1) Starting Account Size:
a. Cash equities/futures/option: $10million
b. Forex: $10million
2) For the cash account (non-forex), macro views will be reflected using listed equity indexed ETFs with deep liquidity/volume and net assets of
$1 billion or greater in order to best represent the odds of the strategy being scalable (single-stock, company specific stocks will not be
traded).
3) Most of the speculative positions can also be accurately expressed using futures, but because the volume is more constrained at different
times and because the platform fails to take volume into consideration (hence the trades' impact on the actual price), the use of futures will
be limited. Positions that I deem to be core/longer-term would be better expressed via equities. But for commodities such as crude oil,
silver, copper, etc., they will solely be expressed through the futures contract market due to contango/decay issues that most commodities
ETFs suffer.
4) The overall goal is to identify attractive opportunities with goals of holding the positions for multi-week/month periods. Importance will
always be put on liquidity and risk exposure. Also, being able to realistically liquidate all positions by end of trading day or vice versa, scale
up risk, will be an advantage of the strategy.

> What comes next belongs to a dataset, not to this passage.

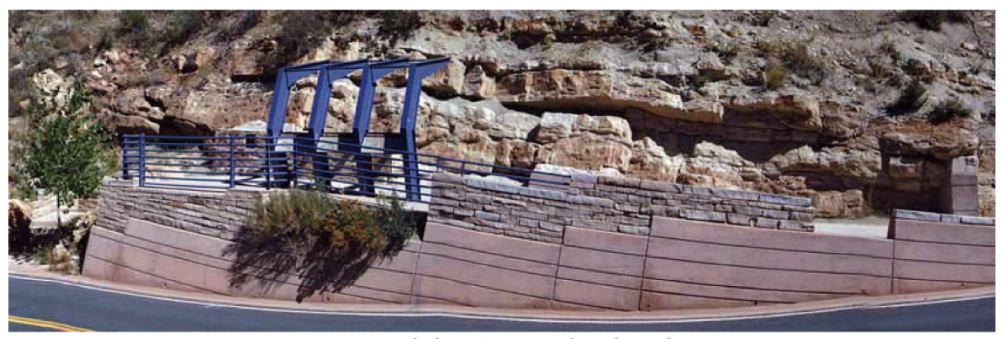
The bone site as seen from the road

The bones exposed today at our interpretive site are most likely from Stegosaurus and Apatosaurus and washed into this small braided stream channel deposit likely during a rainy season flooding event. Our Bone Quarry is one of only a few locations where you can see and touch dinosaur bones in the rock where they fossilized long ago.

5) Daily updates will be simple and short, as youll receive a time-stamped screenshot of the account summary where detailed positions and
P/L will be all within a single image.

6) Leverage for spot currency position will be limited to 2.5x the underlying cash

Leverage for equity/futures account will be limited to 1.3x the underlying cash with net aggregate overnight risk exposure (net liquid
value) often falling well below that limit.